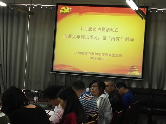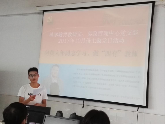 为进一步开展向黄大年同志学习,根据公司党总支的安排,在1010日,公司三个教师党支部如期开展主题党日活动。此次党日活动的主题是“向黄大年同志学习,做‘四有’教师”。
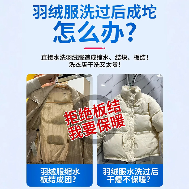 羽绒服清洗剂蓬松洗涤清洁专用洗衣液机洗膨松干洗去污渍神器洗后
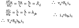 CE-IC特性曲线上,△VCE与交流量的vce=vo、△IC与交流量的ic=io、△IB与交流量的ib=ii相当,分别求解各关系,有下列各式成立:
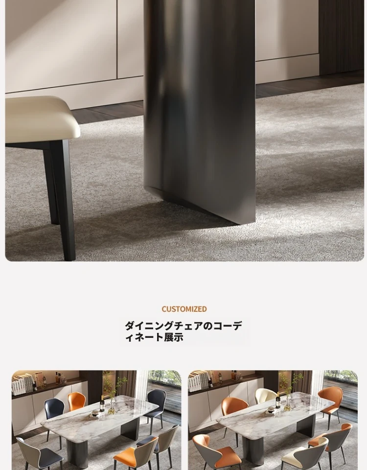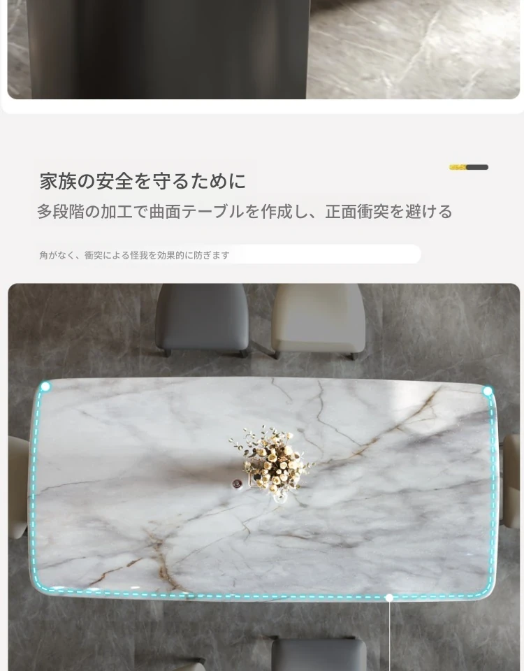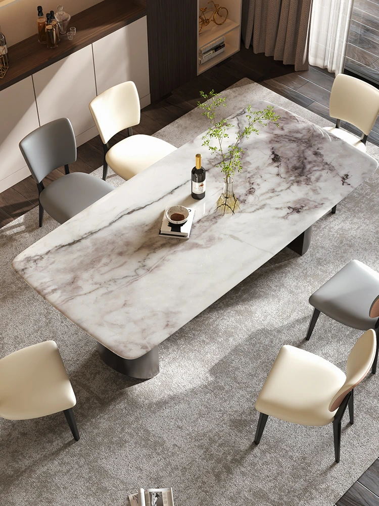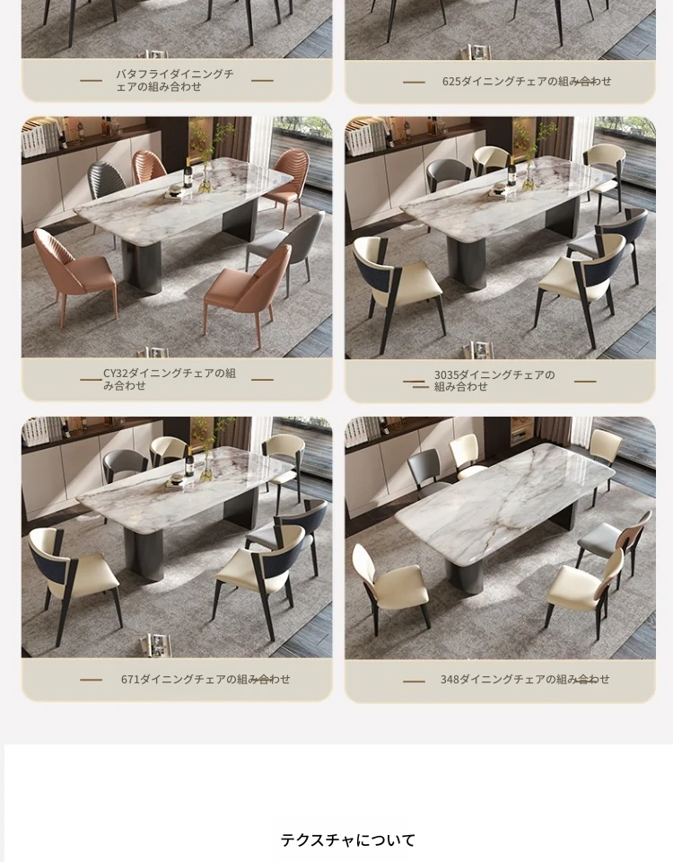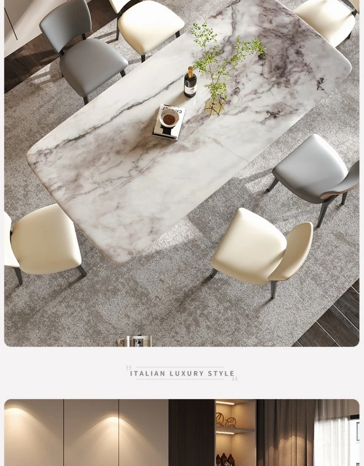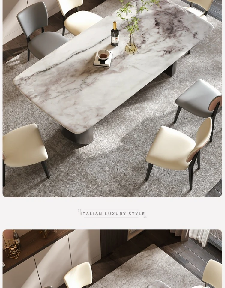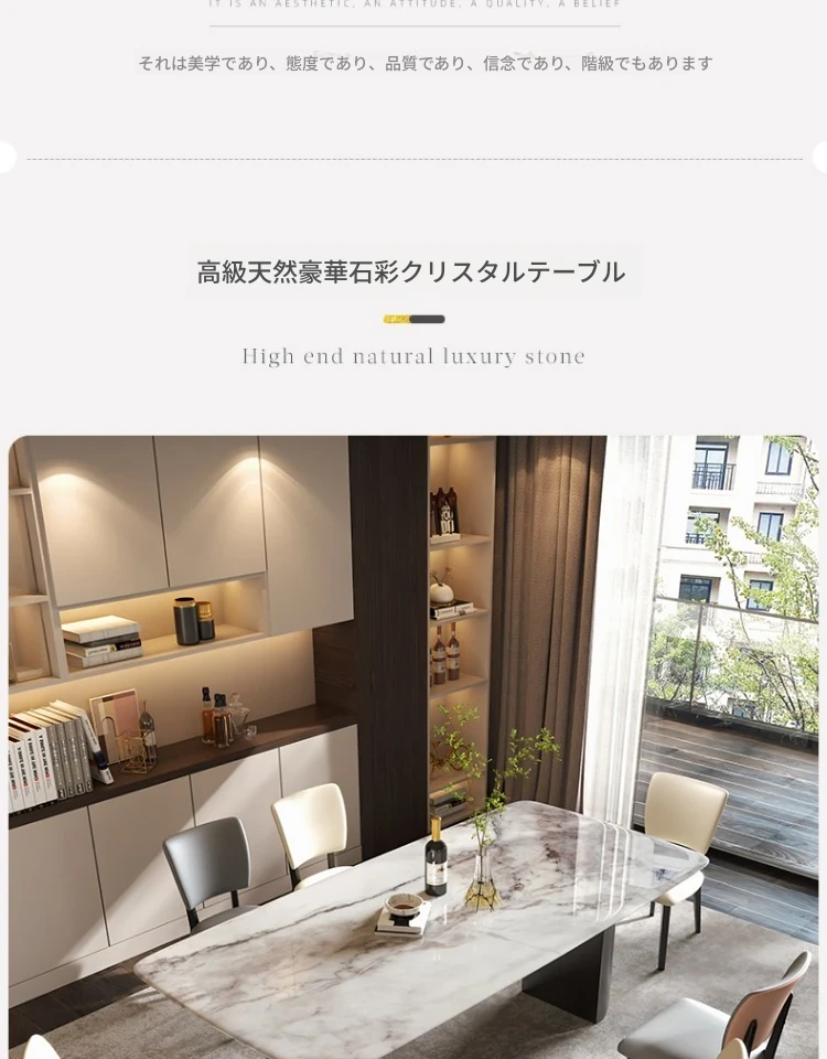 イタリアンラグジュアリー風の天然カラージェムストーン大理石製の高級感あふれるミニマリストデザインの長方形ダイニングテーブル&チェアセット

---

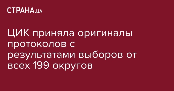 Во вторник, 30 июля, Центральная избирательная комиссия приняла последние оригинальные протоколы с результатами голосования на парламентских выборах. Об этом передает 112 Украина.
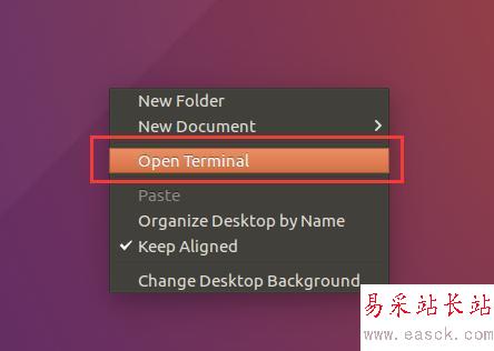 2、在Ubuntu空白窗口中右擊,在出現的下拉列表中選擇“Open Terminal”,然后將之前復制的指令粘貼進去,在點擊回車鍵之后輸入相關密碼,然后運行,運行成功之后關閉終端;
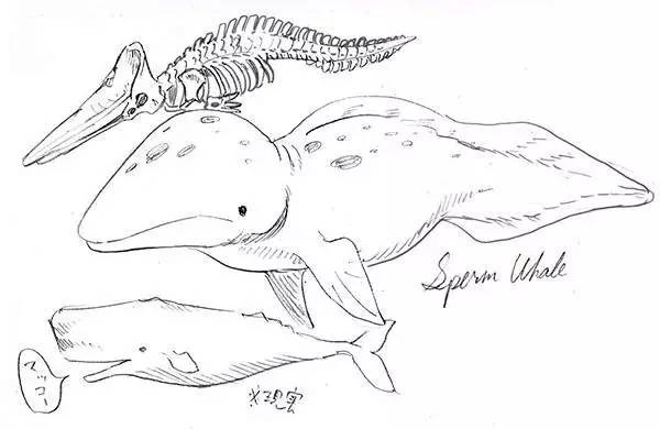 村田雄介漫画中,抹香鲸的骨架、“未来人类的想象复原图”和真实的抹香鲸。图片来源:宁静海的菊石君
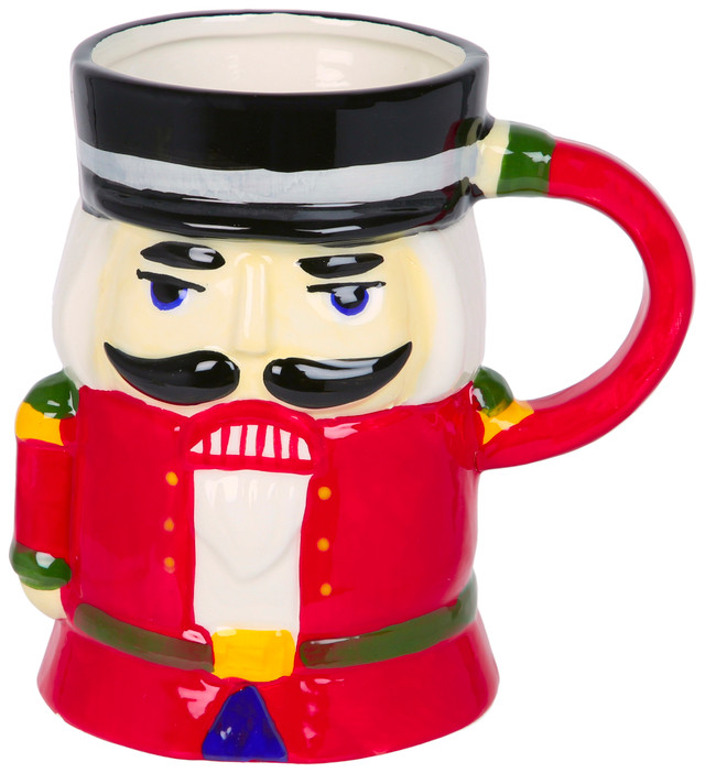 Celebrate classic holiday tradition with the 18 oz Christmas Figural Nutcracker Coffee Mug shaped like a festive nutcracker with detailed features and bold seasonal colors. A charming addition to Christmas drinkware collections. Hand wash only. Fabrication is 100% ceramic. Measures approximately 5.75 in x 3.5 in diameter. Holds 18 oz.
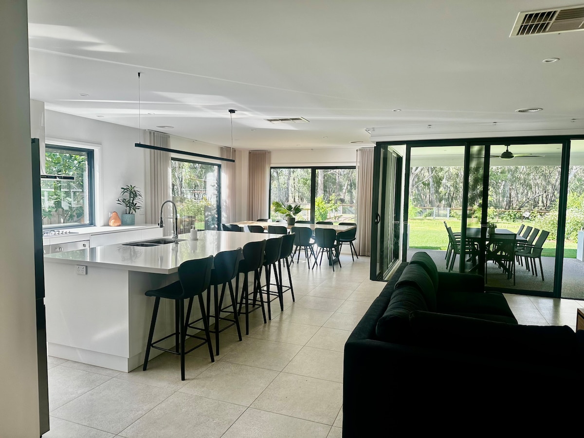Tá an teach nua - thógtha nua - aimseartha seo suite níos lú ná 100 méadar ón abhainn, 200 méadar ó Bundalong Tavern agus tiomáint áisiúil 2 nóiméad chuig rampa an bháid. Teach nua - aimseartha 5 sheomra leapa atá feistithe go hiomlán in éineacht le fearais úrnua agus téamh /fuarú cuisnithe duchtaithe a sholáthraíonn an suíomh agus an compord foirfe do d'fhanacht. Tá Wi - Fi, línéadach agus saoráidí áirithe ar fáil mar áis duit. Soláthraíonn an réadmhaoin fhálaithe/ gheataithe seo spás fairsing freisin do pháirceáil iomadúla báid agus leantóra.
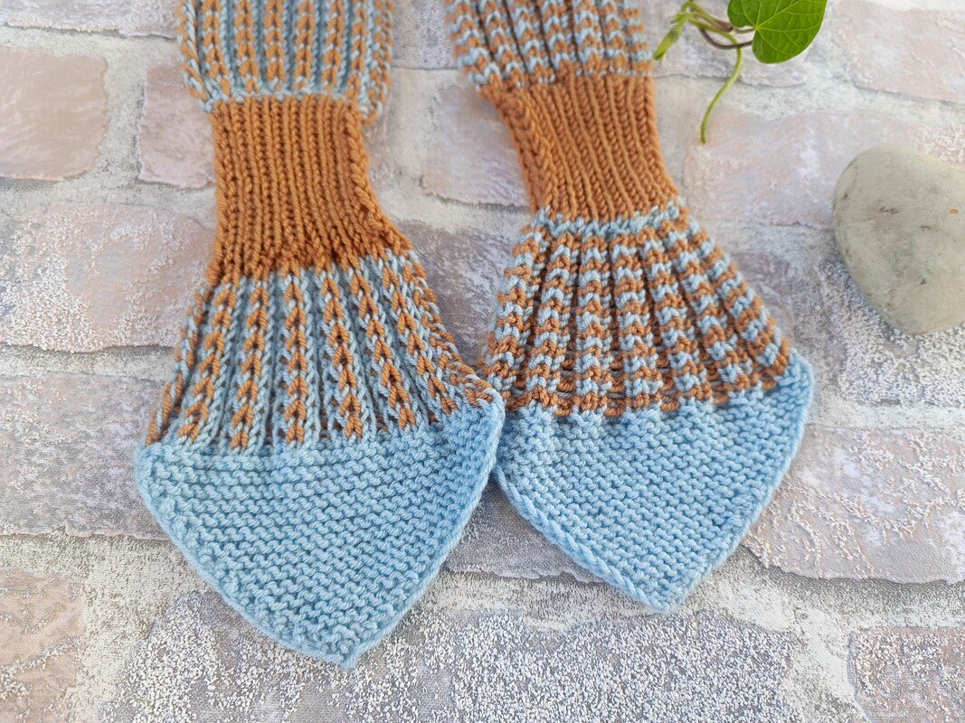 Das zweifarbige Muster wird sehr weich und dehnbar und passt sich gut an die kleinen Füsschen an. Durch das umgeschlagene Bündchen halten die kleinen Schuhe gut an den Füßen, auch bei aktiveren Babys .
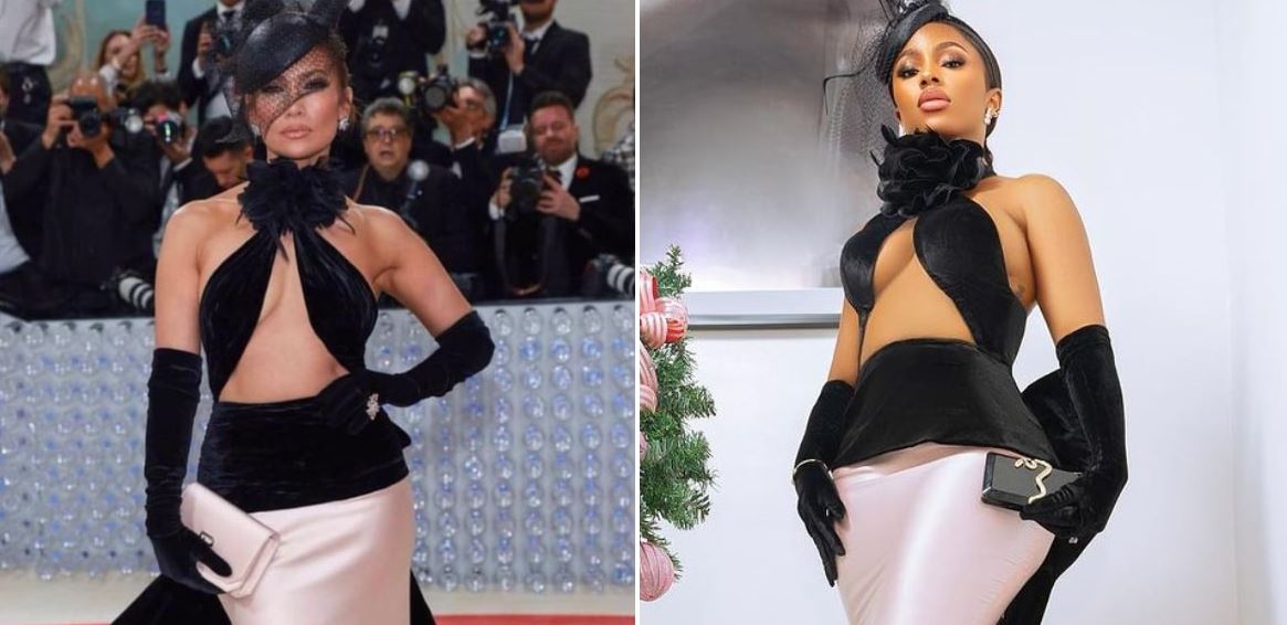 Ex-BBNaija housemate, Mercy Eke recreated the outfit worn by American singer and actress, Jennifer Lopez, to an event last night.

Problem to solve. Repeat exactly, and only, the entries from the line with "村田雄介漫画中,抹香鲸的骨架" through the line with "Tá an teach". Pictures are skipped.

Reply.
 村田雄介漫画中,抹香鲸的骨架、“未来人类的想象复原图”和真实的抹香鲸。图片来源:宁静海的菊石君
 Celebrate classic holiday tradition with the 18 oz Christmas Figural Nutcracker Coffee Mug shaped like a festive nutcracker with detailed features and bold seasonal colors. A charming addition to Christmas drinkware collections. Hand wash only. Fabrication is 100% ceramic. Measures approximately 5.75 in x 3.5 in diameter. Holds 18 oz.
Tá an teach nua - thógtha nua - aimseartha seo suite níos lú ná 100 méadar ón abhainn, 200 méadar ó Bundalong Tavern agus tiomáint áisiúil 2 nóiméad chuig rampa an bháid. Teach nua - aimseartha 5 sheomra leapa atá feistithe go hiomlán in éineacht le fearais úrnua agus téamh /fuarú cuisnithe duchtaithe a sholáthraíonn an suíomh agus an compord foirfe do d'fhanacht. Tá Wi - Fi, línéadach agus saoráidí áirithe ar fáil mar áis duit. Soláthraíonn an réadmhaoin fhálaithe/ gheataithe seo spás fairsing freisin do pháirceáil iomadúla báid agus leantóra.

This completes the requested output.